***** EXCERPTED DATA *****

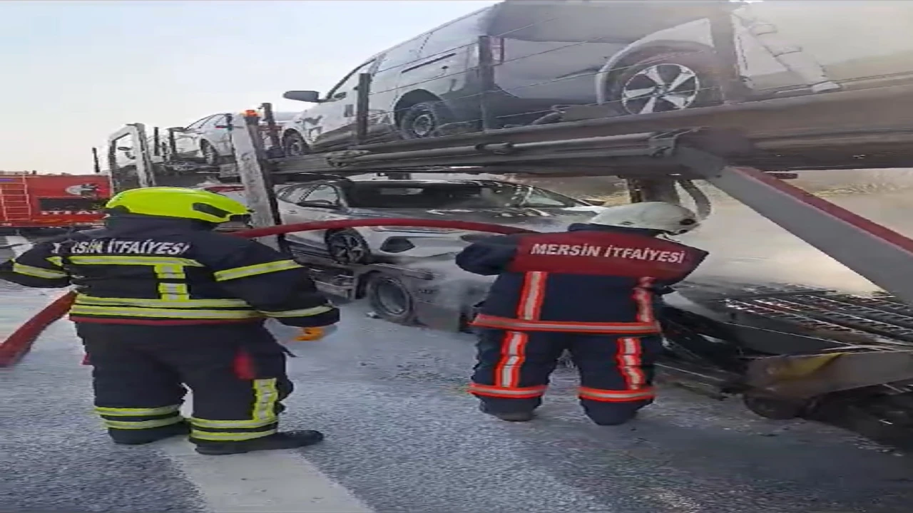Mersin’in Tarsus ilçesinde otoyolda araç taşıma römorkunda yangın çıktı.
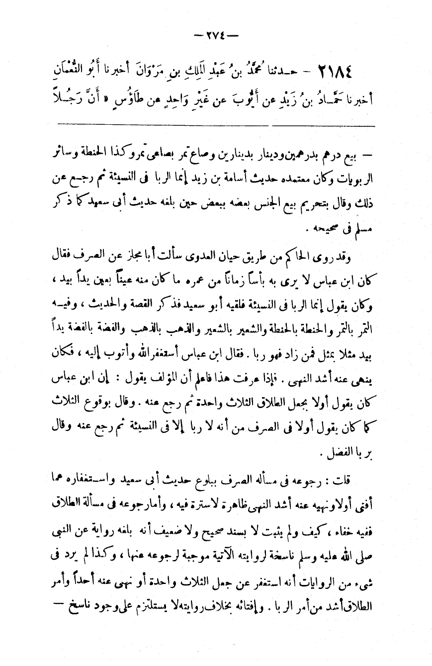 وَقَدْ رَوَى الْحَاكِم مِنْ طَرِيق حَيَّان الْعَدَوِيِّ سَأَلْت أَبَا مِجْلَز عَنْ الصَّرْف فَقَالَ كَانَ اِبْن عَبَّاس لَا يَرَى بِهِ بَأْسًا زَمَانًا مِنْ عُمْره مَا كَانَ مِنْهُ عَيْنًا بِعَيْنٍ يَدًا بِيَدٍ ، وَكَانَ يَقُول إِنَّمَا الرِّبَا فِي النَّسِيئَة فَلَقِيَهُ أَبُو سَعِيد فَذَكَرَ الْقِصَّة وَالْحَدِيث ، وَفِيهِ التَّمْر بِالتَّمْرِ وَالْحِنْطَة بِالْحِنْطَةِ وَالشَّعِير بِالشَّعِيرِ وَالذَّهَب بِالذَّهَبِ وَالْفِضَّة بِالْفِضَّةِ يَدًا بِيَدٍ مِثْلًا بِمِثْلٍ فَمَنْ زَادَ فَهُوَ رِبًا . فَقَالَ اِبْن عَبَّاس أَسْتَغْفِر اللَّه وَأَتُوب إِلَيْهِ ، فَكَانَ يَنْهَى عَنْهُ أَشَدّ النَّهْي . فَإِذَا عَرَفْت هَذَا فَاعْلَمْ أَنَّ الْمُؤَلِّف يَقُول : إِنَّ اِبْن عَبَّاس كَانَ يَقُول أَوَّلًا بِجَعْلِ الطَّلَاق الثَّلَاث وَاحِدَة ثُمَّ رَجَعَ عَنْهُ . وَقَالَ بِوُقُوعِ الثَّلَاث كَمَا كَانَ يَقُول أَوَّلًا فِي الصَّرْف مِنْ أَنَّهُ لَا رِبَا إِلَّا فِي النَّسِيئَة ثُمَّ رَجَعَ عَنْهُ وَقَالَ بِرِبَا الْفَضْل .
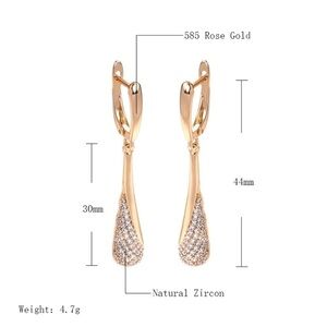 Shining Drop Type Tassel Dangle Earrings Twinkle Natural Zircon 585 Rose Gold Plated
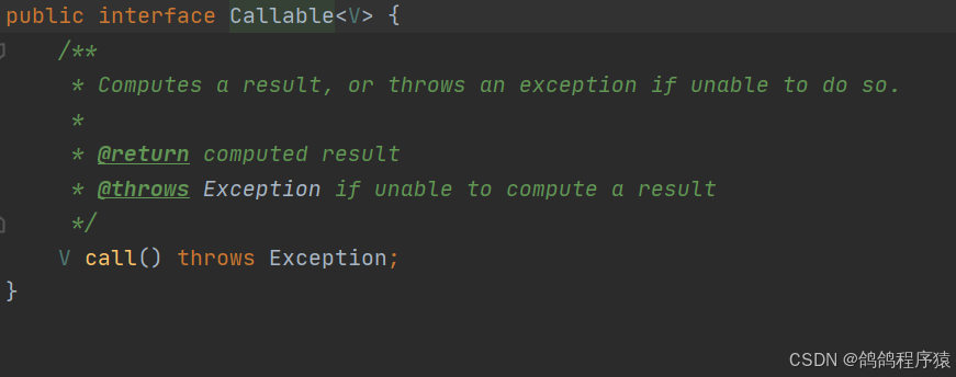 Callable 接口就和java.lang包下的Runnable接口的定位差不多,只不过给了我们一个返回值,在Runnable接口要重写run方法,而在Callable接口中要重写call方法。
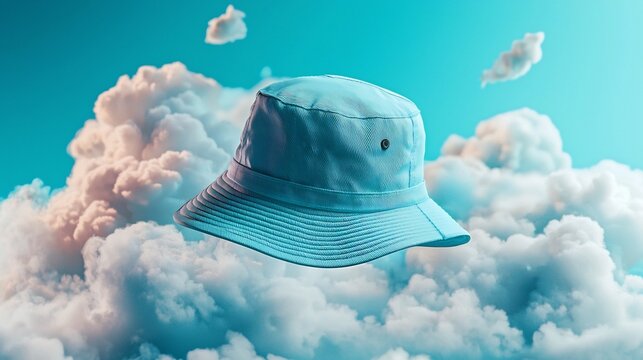 Blue bucket hat isolated on transparent a white background
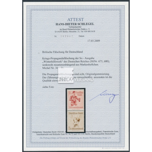 Britische Propagandafälschung für Deutschland 1944 - sogenannte Winterhilfswerk-Ausgabe im senkrechten Zusammendruck aus Markenheftchen (wie üblich mit leicht unregelmässiger Zähnung), einwandfrei postfrisch und mit Attest Schlegel, BPP
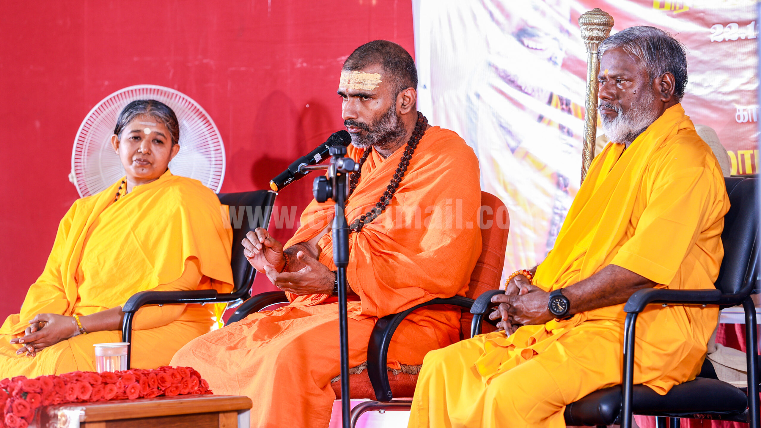 Kalika Peetham Juna Akhada Mahamandaleshwar Swami Anandavanam Bharati recently visited the Mata Amritanandamayi Math Brahmasthanam Temple at Nallampalayam, where he blessed devotees and addressed the gathering.
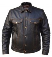 Mens Distressed Brown Leather Motorcycle Shirt MLSJ53
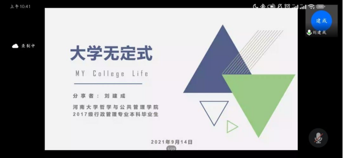 举行“我的大学”线上分享会。四位优秀毕业生代表与全体2021级新生参加本次分享会。
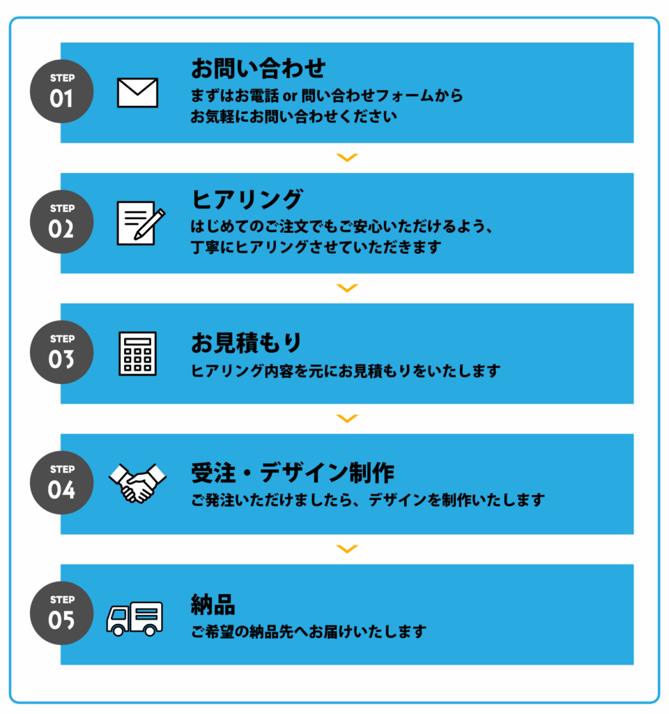 デザイン制作からご依頼いただく場合は納品まで3週間ほど頂戴いたしますが、お急ぎの場合はまずはご相談ください!
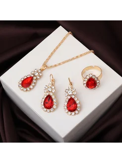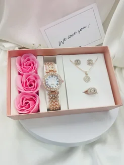 Комплект в коробке серьги+кулон +цепочка +кольцо+часы
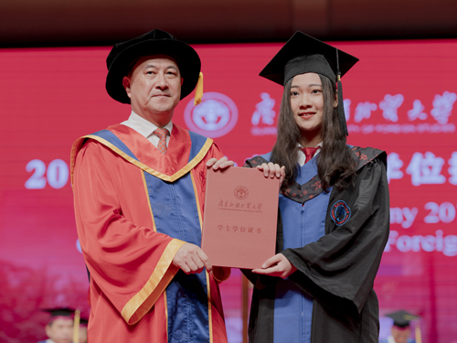 之后,隋广军书记为金融学院、英语教育学院和信息科学与技术学院学位获得者授予毕业生学位。
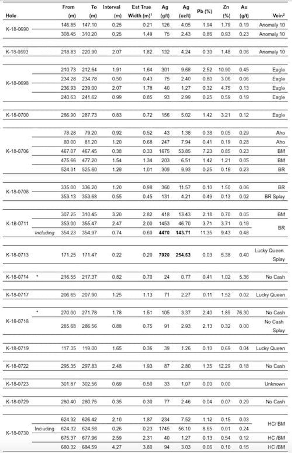 - K-18-0711 intersected the Bear Vein in the Northeast Zone grading 1,453 grams per tonne (“g/t”) (46.70 ounces per tonne (“oz/t”)) silver (“Ag”) over a true width of 2.0 m from 353.0 m including 4,470 g/t (143.71 oz/t) Ag over a true width of 0.60 m. The Bermingham Main Vein grading 418 g/t (13.43 oz/t) Ag over a true width of 2.82 m from 307.25 m was also intersected in this hole.
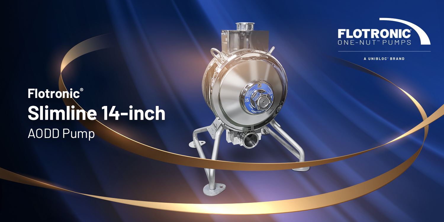 Unibloc® Hygienic Technologies raises the bar with its latest product introduction within the Flotronic® Slimline series, a 14-inch AODD pump that marks the first of its size within the AODD pump style that can accommodate a Clean-in-Place (CIP) processes. Other features make it a game changer for customers that need a larger pump capacity.
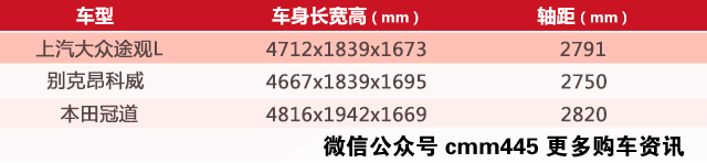 从数据中不难看出,在这三款车中,途观L的轴距仅次于本田冠道,上文说道,途观L国产化以后比海外版本增加了110mm,而这段长度是完全给予了途观L的后排空间的,所以在空间尺寸上,途观L的优势非常明显,内部空间表现确实比昂科威要出色一些。
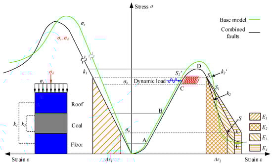It can be seen from Section 3.2 that the stress of coal pillars on both sides of the longwall significantly increases due to the presence of faults, which results in a significant increase in the stress level of the “roof–coal–floor” system (as shown by the green curve in Figure 8). In addition, the existence of combined faults reduces the overall stiffness of “roof–coal–floor” (seen in Section 3.2), which means that the stiffness of roof and floor and the unloading stiffness of coal increase significantly (roof and floor stiffness rise from point to point , and coal unloading stiffness rises from point to point
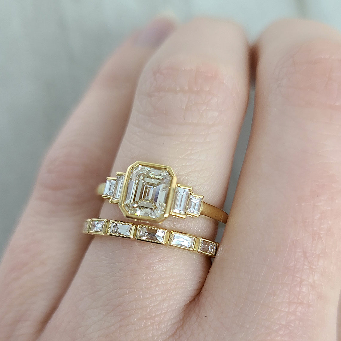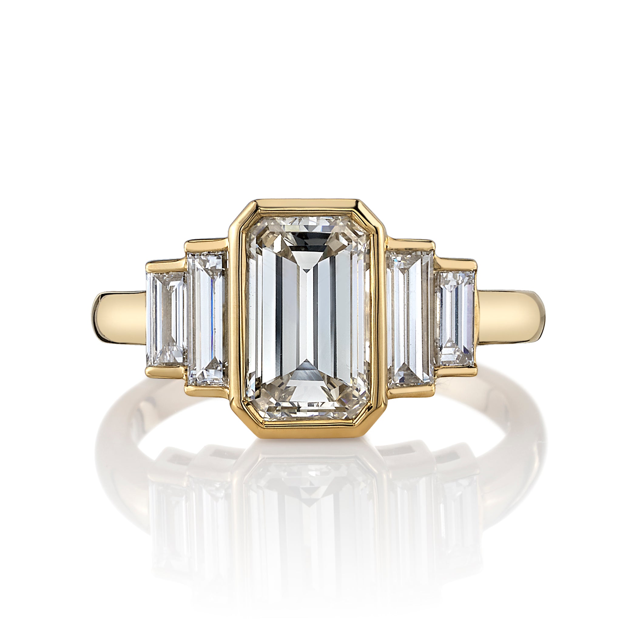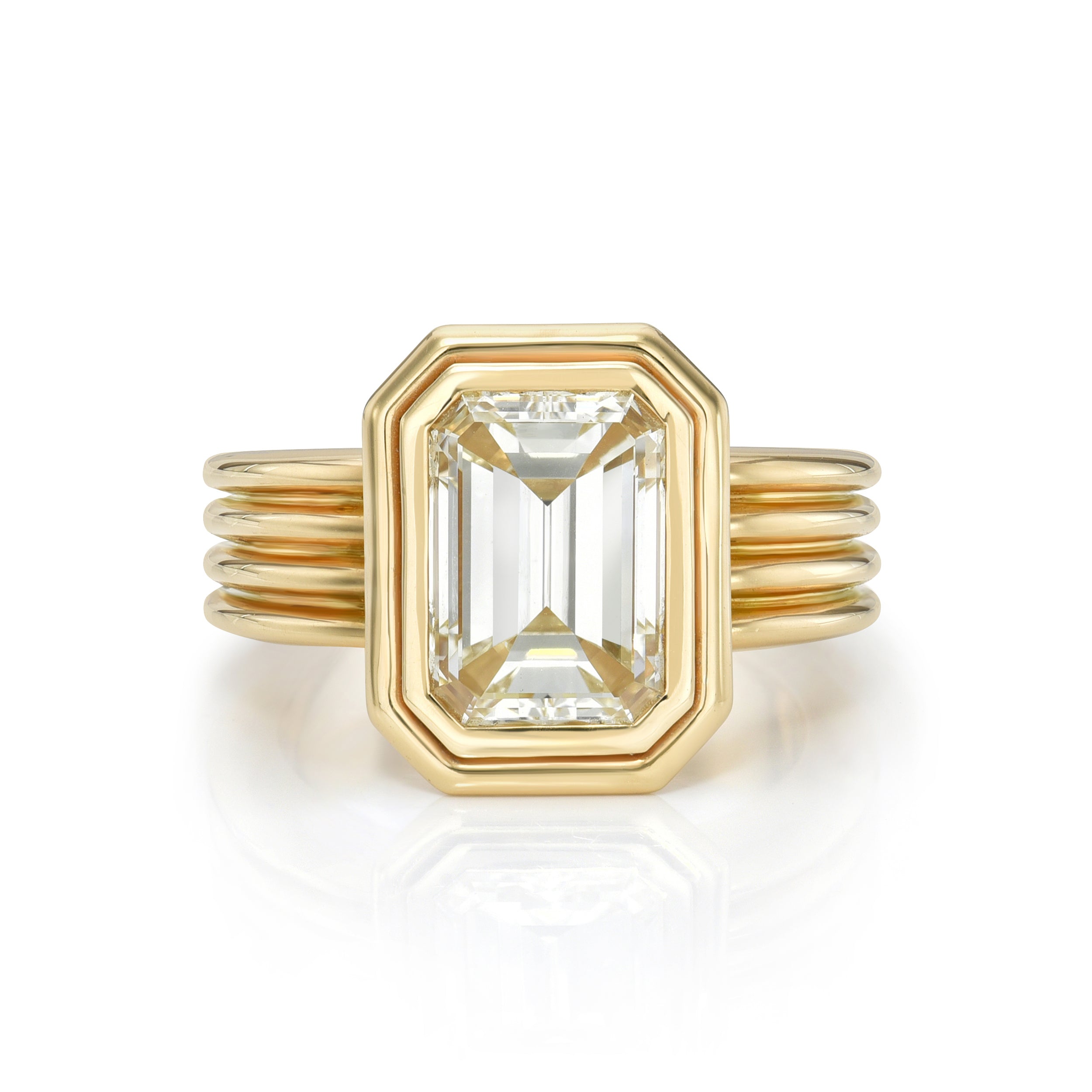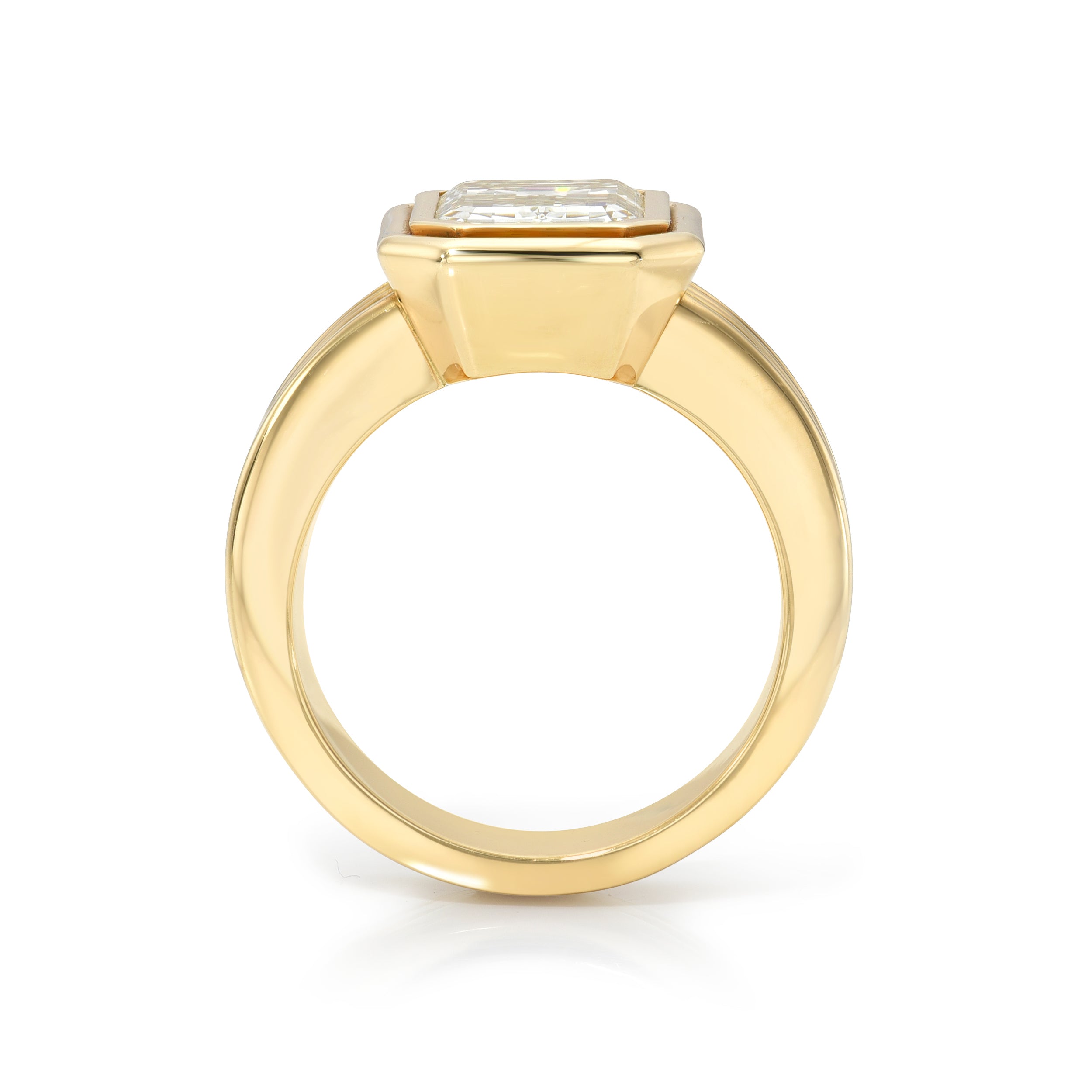 SINGLE STONE LAURIE RING featuring 2.00ct N/VS2 GIA certified emerald cut diamond with 0.24ctw baguette cut accent diamonds bezel set in a handcrafted 18K yellow gold mounting.

*****

__WORK INSTRUCTION__.
A word-for-word copy of the records is needed, with no pictures carried over.

__ANSWER SPACE__.
Mersin’in Tarsus ilçesinde otoyolda araç taşıma römorkunda yangın çıktı.
 وَقَدْ رَوَى الْحَاكِم مِنْ طَرِيق حَيَّان الْعَدَوِيِّ سَأَلْت أَبَا مِجْلَز عَنْ الصَّرْف فَقَالَ كَانَ اِبْن عَبَّاس لَا يَرَى بِهِ بَأْسًا زَمَانًا مِنْ عُمْره مَا كَانَ مِنْهُ عَيْنًا بِعَيْنٍ يَدًا بِيَدٍ ، وَكَانَ يَقُول إِنَّمَا الرِّبَا فِي النَّسِيئَة فَلَقِيَهُ أَبُو سَعِيد فَذَكَرَ الْقِصَّة وَالْحَدِيث ، وَفِيهِ التَّمْر بِالتَّمْرِ وَالْحِنْطَة بِالْحِنْطَةِ وَالشَّعِير بِالشَّعِيرِ وَالذَّهَب بِالذَّهَبِ وَالْفِضَّة بِالْفِضَّةِ يَدًا بِيَدٍ مِثْلًا بِمِثْلٍ فَمَنْ زَادَ فَهُوَ رِبًا . فَقَالَ اِبْن عَبَّاس أَسْتَغْفِر اللَّه وَأَتُوب إِلَيْهِ ، فَكَانَ يَنْهَى عَنْهُ أَشَدّ النَّهْي . فَإِذَا عَرَفْت هَذَا فَاعْلَمْ أَنَّ الْمُؤَلِّف يَقُول : إِنَّ اِبْن عَبَّاس كَانَ يَقُول أَوَّلًا بِجَعْلِ الطَّلَاق الثَّلَاث وَاحِدَة ثُمَّ رَجَعَ عَنْهُ . وَقَالَ بِوُقُوعِ الثَّلَاث كَمَا كَانَ يَقُول أَوَّلًا فِي الصَّرْف مِنْ أَنَّهُ لَا رِبَا إِلَّا فِي النَّسِيئَة ثُمَّ رَجَعَ عَنْهُ وَقَالَ بِرِبَا الْفَضْل .
 Shining Drop Type Tassel Dangle Earrings Twinkle Natural Zircon 585 Rose Gold Plated
 Callable 接口就和java.lang包下的Runnable接口的定位差不多,只不过给了我们一个返回值,在Runnable接口要重写run方法,而在Callable接口中要重写call方法。
 Blue bucket hat isolated on transparent a white background
 Britische Propagandafälschung für Deutschland 1944 - sogenannte Winterhilfswerk-Ausgabe im senkrechten Zusammendruck aus Markenheftchen (wie üblich mit leicht unregelmässiger Zähnung), einwandfrei postfrisch und mit Attest Schlegel, BPP
 Kalika Peetham Juna Akhada Mahamandaleshwar Swami Anandavanam Bharati recently visited the Mata Amritanandamayi Math Brahmasthanam Temple at Nallampalayam, where he blessed devotees and addressed the gathering.
 Mens Distressed Brown Leather Motorcycle Shirt MLSJ53
 举行“我的大学”线上分享会。四位优秀毕业生代表与全体2021级新生参加本次分享会。
 デザイン制作からご依頼いただく場合は納品まで3週間ほど頂戴いたしますが、お急ぎの場合はまずはご相談ください!
 Комплект в коробке серьги+кулон +цепочка +кольцо+часы
 之后,隋广军书记为金融学院、英语教育学院和信息科学与技术学院学位获得者授予毕业生学位。
 - K-18-0711 intersected the Bear Vein in the Northeast Zone grading 1,453 grams per tonne (“g/t”) (46.70 ounces per tonne (“oz/t”)) silver (“Ag”) over a true width of 2.0 m from 353.0 m including 4,470 g/t (143.71 oz/t) Ag over a true width of 0.60 m. The Bermingham Main Vein grading 418 g/t (13.43 oz/t) Ag over a true width of 2.82 m from 307.25 m was also intersected in this hole.
 Unibloc® Hygienic Technologies raises the bar with its latest product introduction within the Flotronic® Slimline series, a 14-inch AODD pump that marks the first of its size within the AODD pump style that can accommodate a Clean-in-Place (CIP) processes. Other features make it a game changer for customers that need a larger pump capacity.
 从数据中不难看出,在这三款车中,途观L的轴距仅次于本田冠道,上文说道,途观L国产化以后比海外版本增加了110mm,而这段长度是完全给予了途观L的后排空间的,所以在空间尺寸上,途观L的优势非常明显,内部空间表现确实比昂科威要出色一些。
It can be seen from Section 3.2 that the stress of coal pillars on both sides of the longwall significantly increases due to the presence of faults, which results in a significant increase in the stress level of the “roof–coal–floor” system (as shown by the green curve in Figure 8). In addition, the existence of combined faults reduces the overall stiffness of “roof–coal–floor” (seen in Section 3.2), which means that the stiffness of roof and floor and the unloading stiffness of coal increase significantly (roof and floor stiffness rise from point to point , and coal unloading stiffness rises from point to point
 SINGLE STONE LAURIE RING featuring 2.00ct N/VS2 GIA certified emerald cut diamond with 0.24ctw baguette cut accent diamonds bezel set in a handcrafted 18K yellow gold mounting.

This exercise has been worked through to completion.